» Task item:
Each line of the data is to be output verbatim, with the images removed.

» Data segment:
• • • • • • •

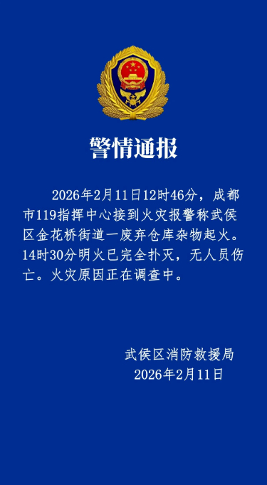 11日14时47分,四川成都武侯区消防救援局发布警情通报称,武侯区金花桥街道一废弃仓库杂物起火,14时30分明火已完全扑灭,无人员伤亡。另据成都双流国际机场核实,机场北围界外约2公里处发生火情,未对机场运行造成影响,航班起降正常。
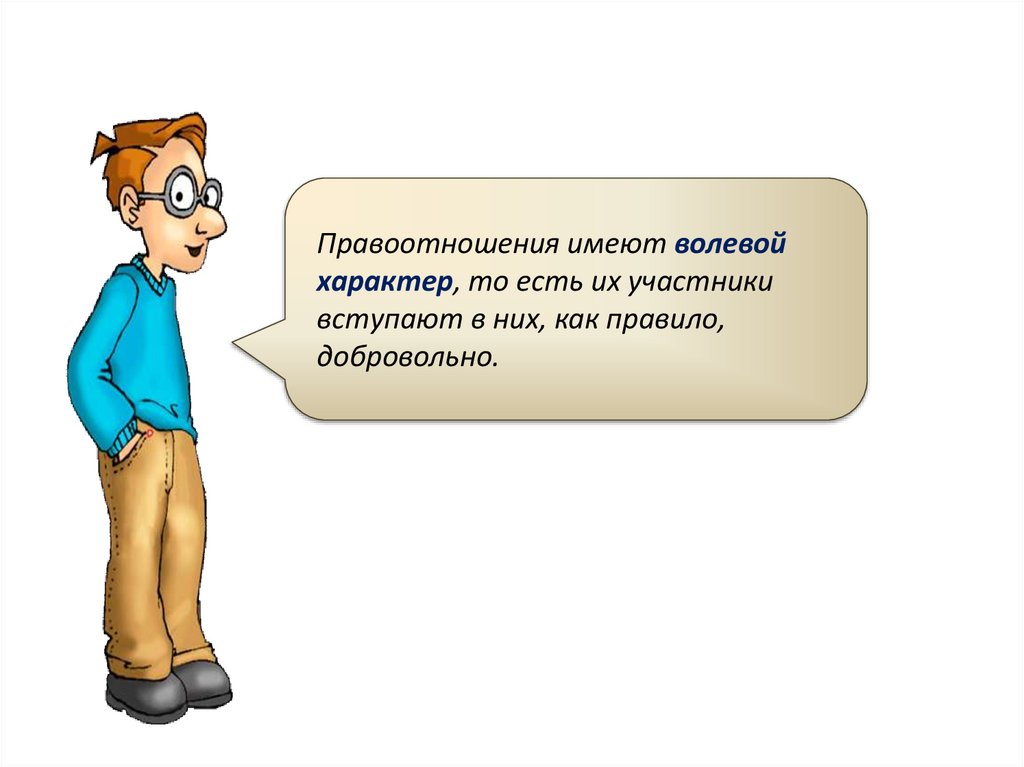 Правоотношения имеют волевойхарактер, то есть их участники
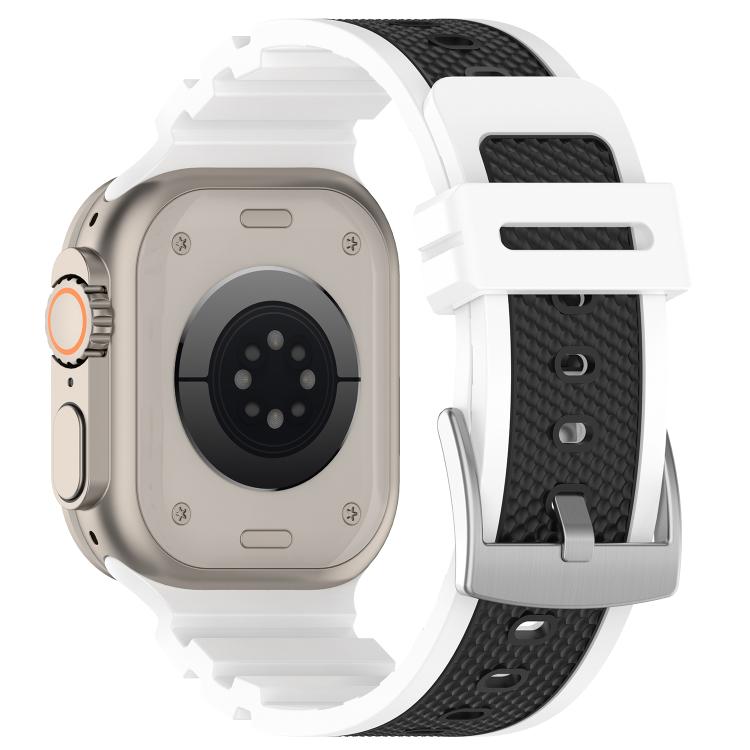 Correa de silicona bicolor con textura de diamante para Apple Watch de 46 mm, 49 mm, 45 mm y 44 mm (blanco y negro)

• • • • • • •

» Result of the task:
 11日14时47分,四川成都武侯区消防救援局发布警情通报称,武侯区金花桥街道一废弃仓库杂物起火,14时30分明火已完全扑灭,无人员伤亡。另据成都双流国际机场核实,机场北围界外约2公里处发生火情,未对机场运行造成影响,航班起降正常。
 Правоотношения имеют волевойхарактер, то есть их участники
 Correa de silicona bicolor con textura de diamante para Apple Watch de 46 mm, 49 mm, 45 mm y 44 mm (blanco y negro)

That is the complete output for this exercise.